Что греха таить, Академику Бондуру довелось встречаться и работать с очень многими в Академии наук. Каждый заслуживает особого рассказа. Но следует помнить заповедь Петра Леонидовича Капицы, который однажды сказал: "Если об ученом вспоминают через десять лет, то он действительно сделал кое-что путное в науке!"

Мы договорились с Валерием Григорьевич рассказать о других контактах с современными учеными через десять лет… Подождем, тем более, что время летит стремительно…

Лестница жизни: Что дальше?

За минувшие десять лет вышло несколько монографий, обобщающих опыт работы "Аэрокосмоса". Они ярко показывают, как достижения коллектива, возглавляемого академиком В. Г. Бондуром, так и возможности, которые открываются перед современной наукой.

Две монографии привлекли мое внимание своими интригующими названиями. Одна написана в соавторстве с доктором наук В. Ф. Крапивиным (коллегой, соратником и другом) "Космический мониторинг тропических циклонов", а другая — "Аэрокосмический мониторинг объектов нефтегазового комплекса" — под редакцией В. Г. Бондура.

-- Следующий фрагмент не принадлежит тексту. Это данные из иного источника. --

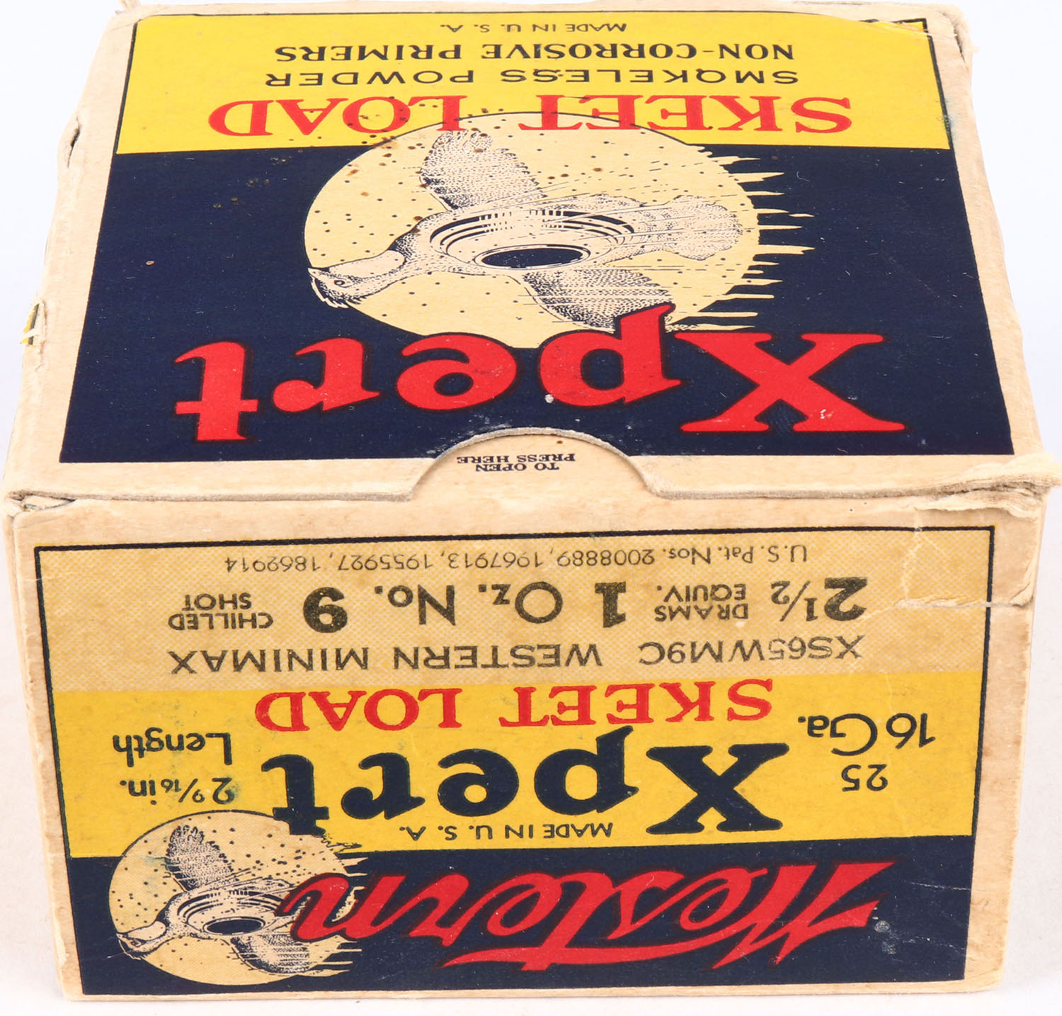 Western Xpert, SKEET LOAD, 16ga., 1pc., Full, white, blue & red box that pictures flying Quail with skeet in body & shot all around, Loading: 2 1/2 Drams 1 Oz. No. 9 Chilled Shot, box has bottom flap disconnected, shell protrusions & with great colors, shells are excellent. Grade: Excellent - Value: 100 to 400
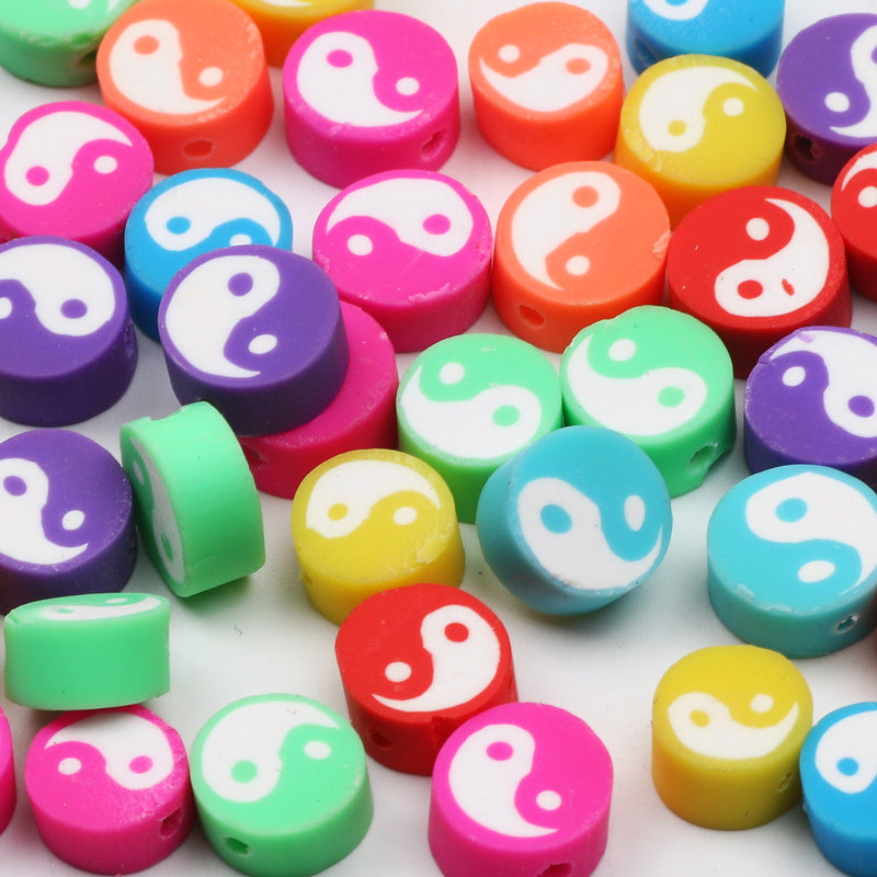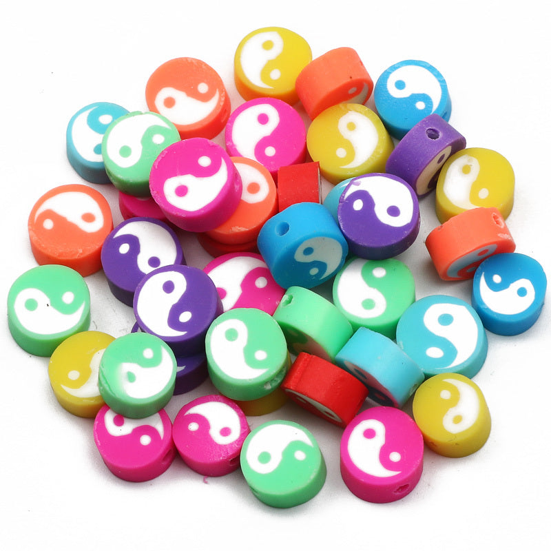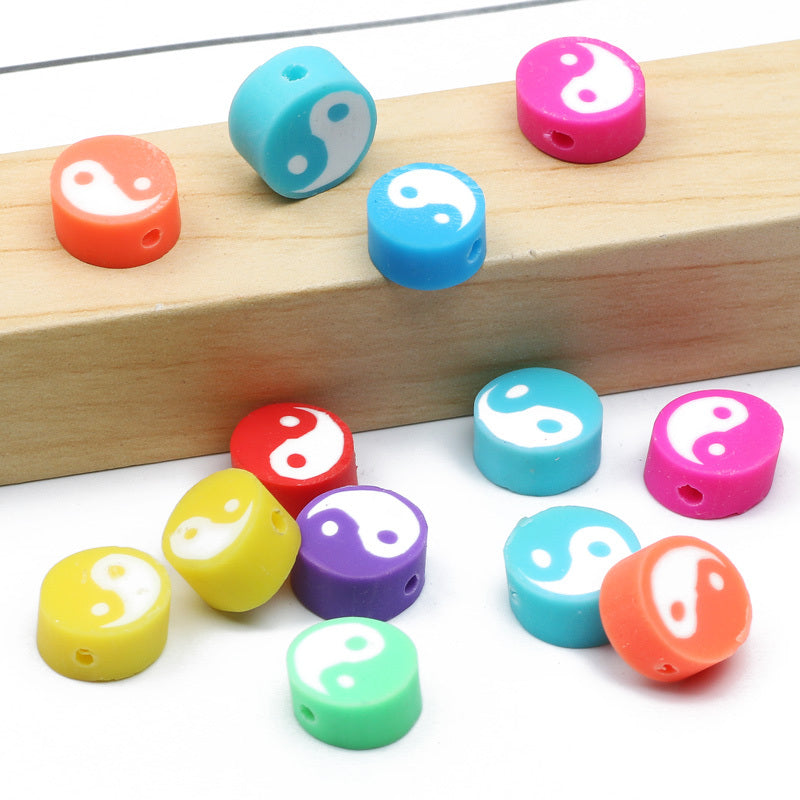 Create unique jewelry with this set of 30 mixed Tai Chi Yin Yang clay round beads. Ideal for necklaces, bracelets, and other craft projects.

Читать научные труды непосвященному необычайно трудно, а подчас и невозможно, так как таблицы, уравнения, расчеты, формулы каждому из нас кажутся "китайской грамотой" (смотреть можно, понять невозможно!). Поэтому и появляется строка: "полезна студентам старших курсов, аспирантам и докторантам, специализирующимся в данной области". Но ведь нам, обывателям, тоже интересно, что же там происходит с этими циклонами!? А потому я поинтересовался, почему мы, жители северной страны, должны исследовать те явления, что происходят в тропиках, вблизи экватора?

Академик Бондур ответил:

— У нас очень маленькая планета. Если помните, Юрий Гагарин подтвердил это, облетев ее всего за 108 минут. То, что происходит в любом районе Земле в той или иной форме обязательно сказывается и у нас. Ну а тропические циклоны слишком мощные явления в природе, а потому их влияние на всю планету огромно. В частности, и об этом мы пишем в своей монографии.

— Это один из своеобразных итогов работы "Аэрокосмоса"?

- Конечно. Но и ряда исследовательских институтов и центров, с которыми мы взаимодействуем. Мой соавтор Владимир Федорович Крапивин работает в Институте радиотехники и электроники им. В. А. Котельникова РАН. А проблемой тропических циклонов занимаются многие ученые, так как эти процессы, происходящие на границе атмосферы и океана, во многом загадочны и непредсказуемы.

— Еще одна тайна природы?

— Слово "циклон" греческого происхождения, означает оно "кольцо змеи". Очень точное определение, так как воздух в циклоне вращается по кругу. А слово "ураган" и в Центральной Америке, и в Азии означает "сильный ветер". Тропические циклоны — это опасные геофизические явления. Их влиянию подвержены территории более 50 стран. Опасность тропического циклона определяется совокупным действием всех его элементов — ветра, дождя, штормовых нагонов и волн. Скорость ветра может достигать 250 километров в час — рушатся дома, рвутся провода электропередач, вырываются с корнем деревья. Мощные дожди порождают наводнения. Подъем морских вод затопляет побережье, поселки и поля. Ущерб, безусловно, огромен. Подчас его даже трудно подсчитать. Достоверных данных о последствиях природных катастроф нет. А ведь такое "незнание" можно поправить, так как из космоса хорошо видны моменты возникновения тропических ураганов.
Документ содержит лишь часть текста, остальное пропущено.